You may have “improve credit score” as one of the items on your financial to-do list for the year, but that’s not always a goal worth actively pursuing.

For example, if your score is already very high, a few points of improvement won’t provide any benefit to you financially.

Likewise, if you’re about to do something that will cause your score to nosedive (like having your house go into foreclosure), there are probably more important things to focus on financially.

When does it pay to improve your credit score?

Actively working to improve your FICO score is most beneficial if you have either a very bad score or are right on the borderline of having excellent credit.
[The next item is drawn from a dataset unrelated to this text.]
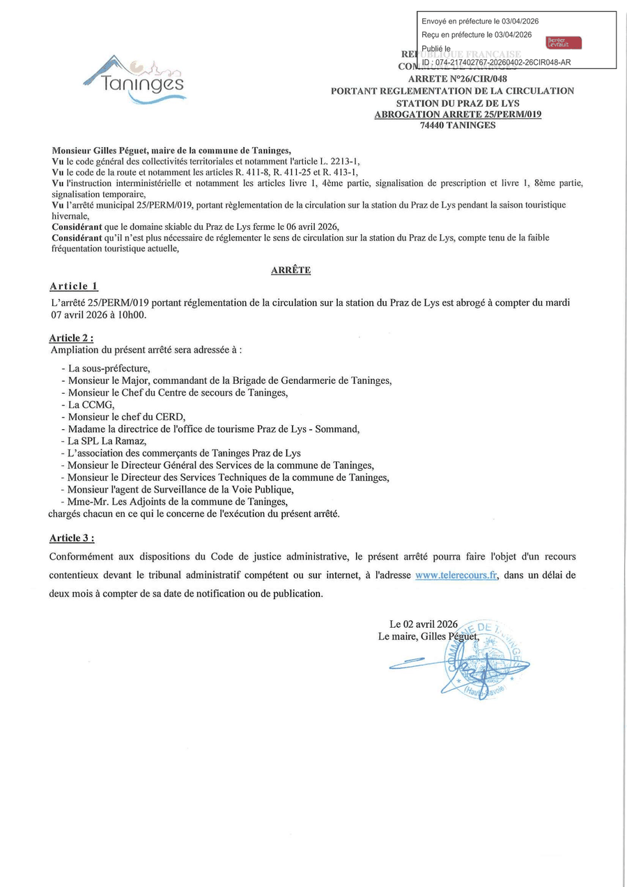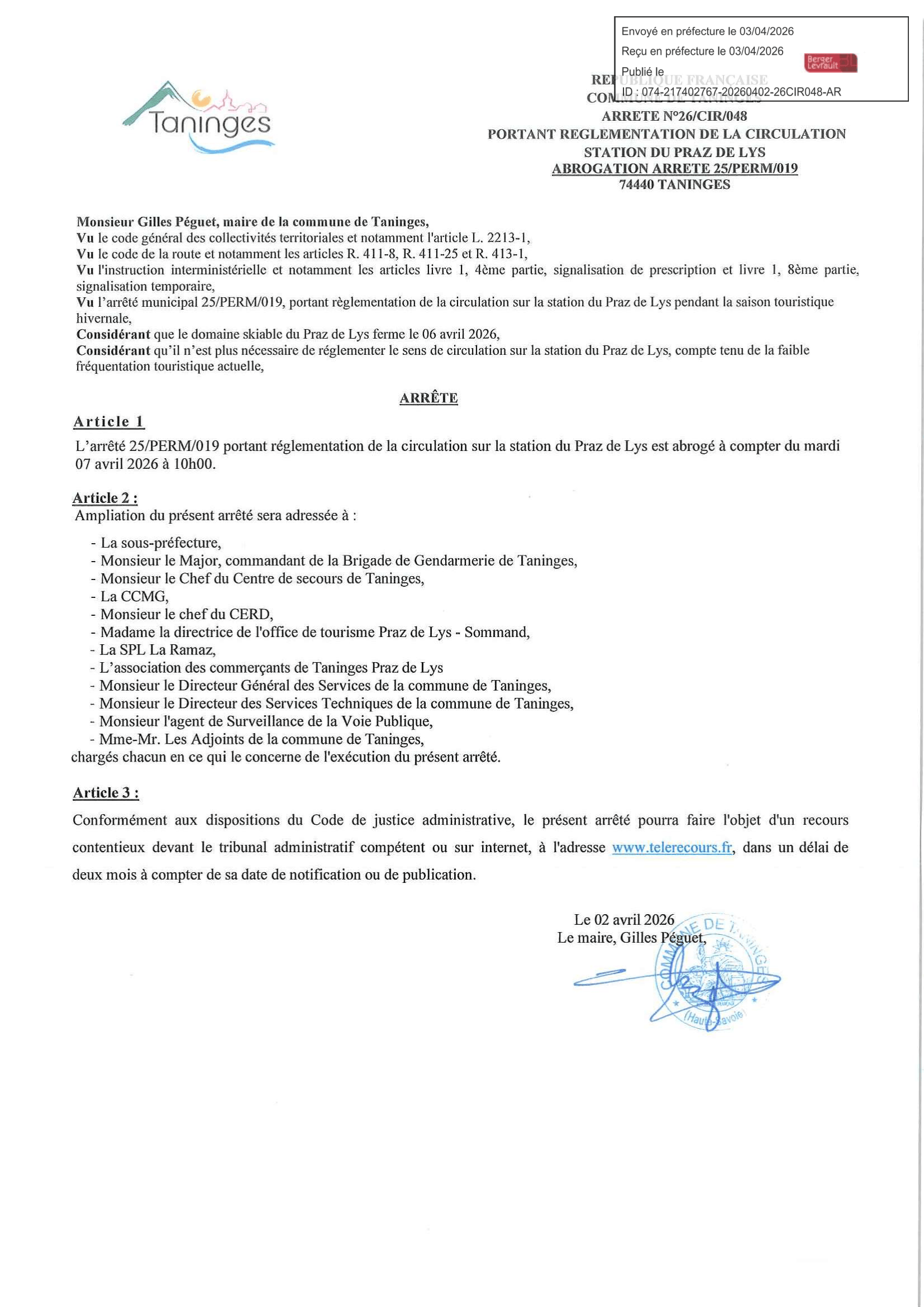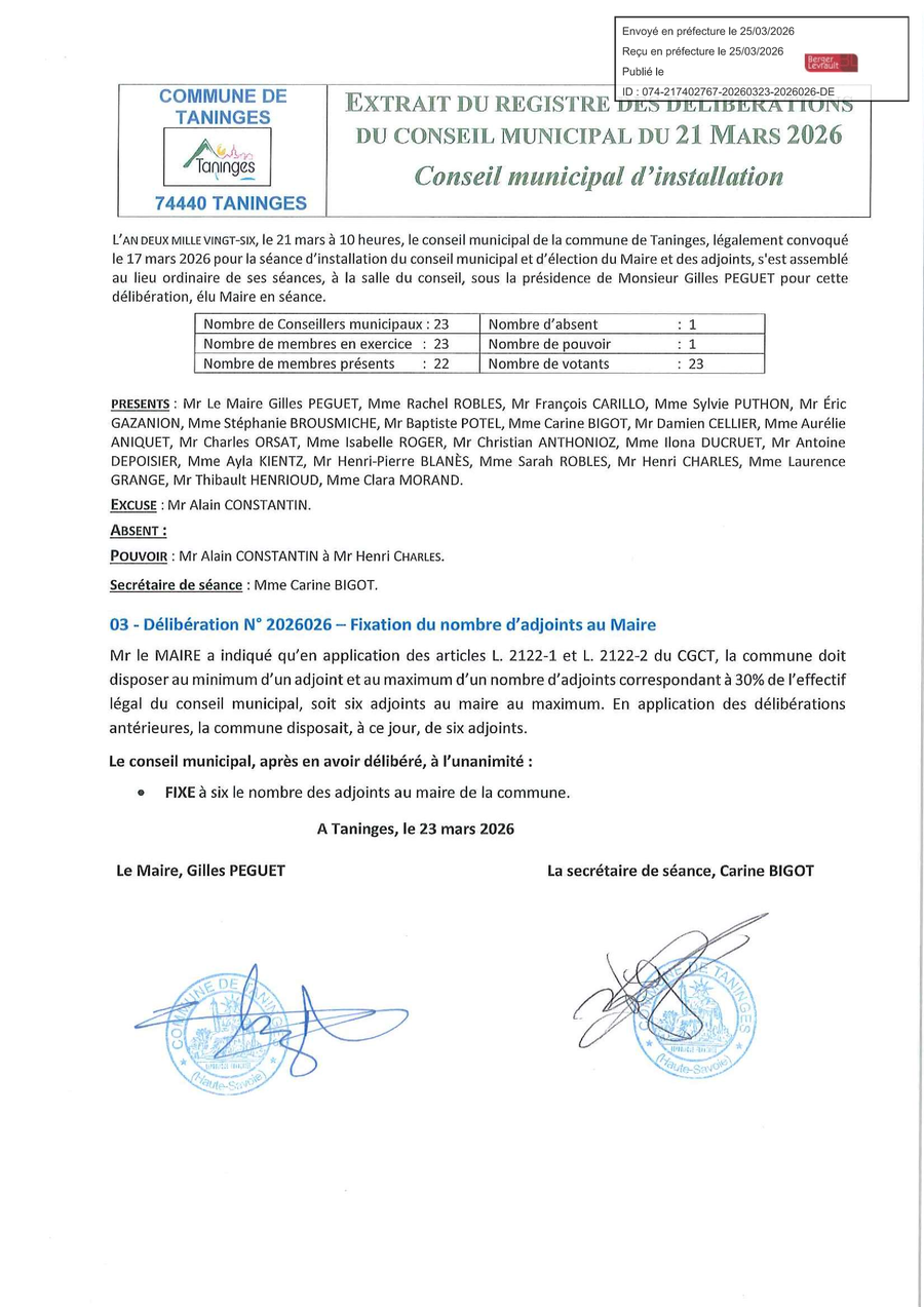 La liste « Tous engagés pour demain ! Taninges / Praz de Lys (Gilles PEGUET) » obtient 52.43 % des votes (18 conseillers municipaux élus).

In both of those cases, bringing up your score will help you to obtain better interest rates if you choose to borrow money. It can also reduce the cost of your insurance if your insurance company uses the score to calculate your rate, which more companies are doing.

Beware…

If you do decide that improving your score is a goal worth pursuing, be wary of organizations that promise to help “repair” your credit to bring up your score — especially if they promise to remove negative items for a fee. (Legitimate negative items stay on your report until they age off, and you can remove items that are incorrect yourself without paying a fee.)

Instead, focus on doing things like paying your debts on time or early, keeping your oldest credit line open, not having too many lines of credit or too much credit open, not using the vast majority of your available credit, etc.

Generally, the easiest way to improve your score is to be financially responsible. Focus on that, and your credit score will take care of itself.

Posted in Credit Cards & Loans on 08.08.12 with 5 comments.

5 Responses to “Should You Work to Improve Your Credit Score?”

  • Michael says:

    I have three credit cards. One is just a small $200 credit limit that I got 6 years ago to help rebuild credit after I moved back to the states from Europe. I have two other cards, one with a $7k limit, and the other with a $1K limit. Neither big card has an annual fee, or monthly maintenance fee if i have no balance. The $200 limit card charges me $7 each month regardless of whether or not I have a balance, and a $48 annual fee. I want to cancel this card… will it hurt my credit score to cancel?

    • Jackie says:

      Yes, it will probably hurt your score a little bit, short term. It’ll be a little bit larger hit as well if it’s also your oldest credit line. BUT, if it were me I’d absolutely cancel it unless I were about to do something major like buy a house. It wouldn’t be worth the annual cost to keep it around. (As a side note, I canceled ALL of my credit cards back when I got a divorce, and it didn’t hurt anything for me long-term.)

    • Glen Craig says:

      Another option to canceling your card is to ask the card company if they have a better card for you. They may very well have a card with no monthly or annual fees.

  • Glen Craig says:

    You know what has been some of the best ways to improve my credit score? Paying off my balances and paying my bills on time.

    Of course there are times when your credit score isn’t of utmost importance, but I think it’s a nice by-product that by paying on time and paying off your debt you can have a great score.

    • Jackie says:

      Yeah, I’ve found the same thing to be true. Just focusing on what’s good for you financially, long-term, will pretty much take care of your credit score.